**Problem**
Give all the lines below again, exactly, with no pictures.

**Exercise data**
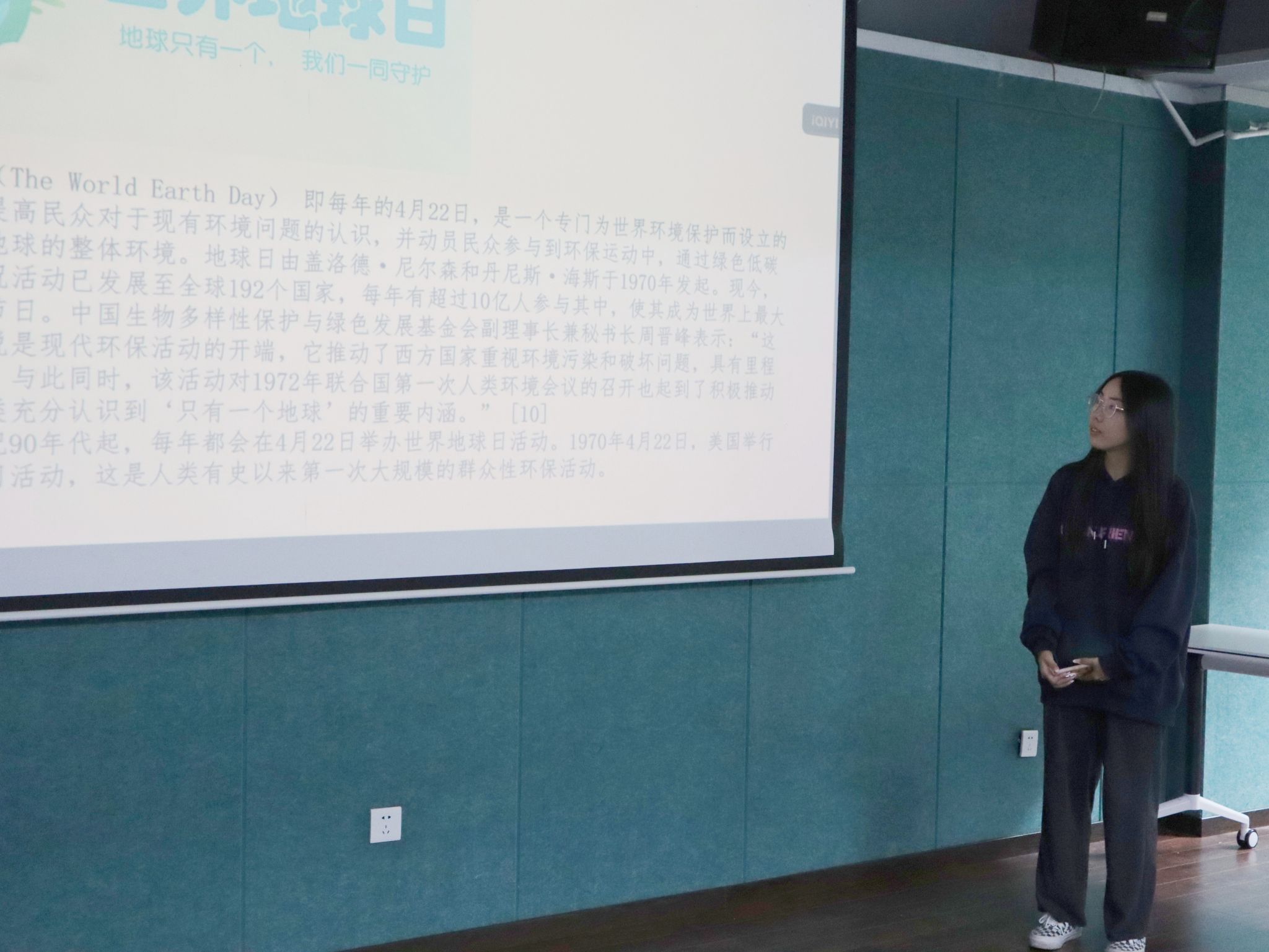 活动开始,班级组织人员为同学们宣讲世界地球日的由来和重要性,地球是人类共同的家园,保护地球就是保护人类的未来。同学们对此十分赞同并且决心要将这一理念牢记心中,并要为此付诸行动。随后,主持人组织同学观看地球日的科普影片,以展示地球和环境的现状。让同学们了解目前地球上面还存在的环境问题和现如今应如何解决地球污染问题。
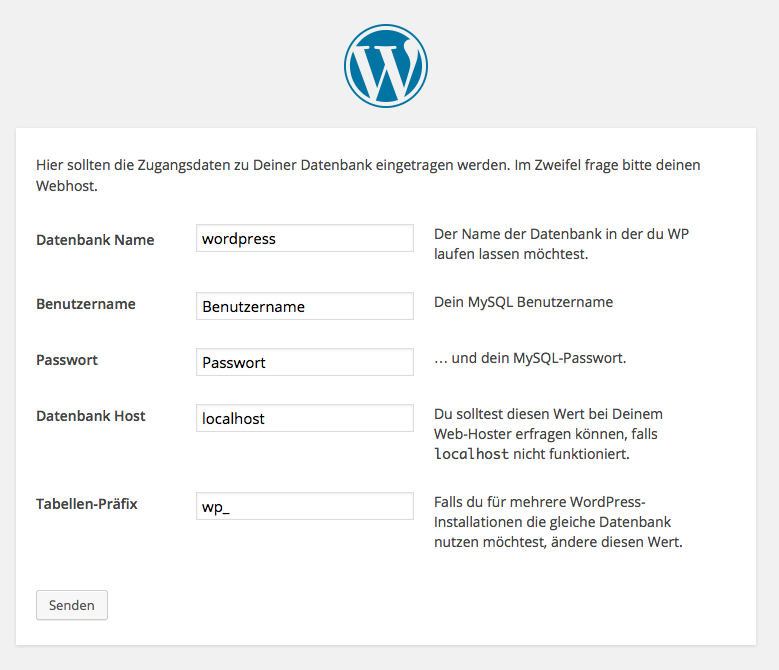 Im nächsten Fenster beschreibt WordPress, dass es die Datenbank installieren will und welche Daten es dafür benötigt:
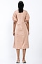 Featuring a nude dress in premium cotton base with voluminous sleeves and contrast piping.
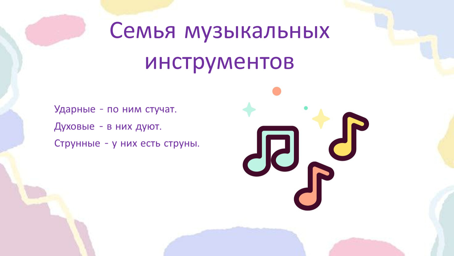 Музыка - это веселые звуки, которые дружат.

**Result of this exercise**
 活动开始,班级组织人员为同学们宣讲世界地球日的由来和重要性,地球是人类共同的家园,保护地球就是保护人类的未来。同学们对此十分赞同并且决心要将这一理念牢记心中,并要为此付诸行动。随后,主持人组织同学观看地球日的科普影片,以展示地球和环境的现状。让同学们了解目前地球上面还存在的环境问题和现如今应如何解决地球污染问题。
 Im nächsten Fenster beschreibt WordPress, dass es die Datenbank installieren will und welche Daten es dafür benötigt:
 Featuring a nude dress in premium cotton base with voluminous sleeves and contrast piping.
 Музыка - это веселые звуки, которые дружат.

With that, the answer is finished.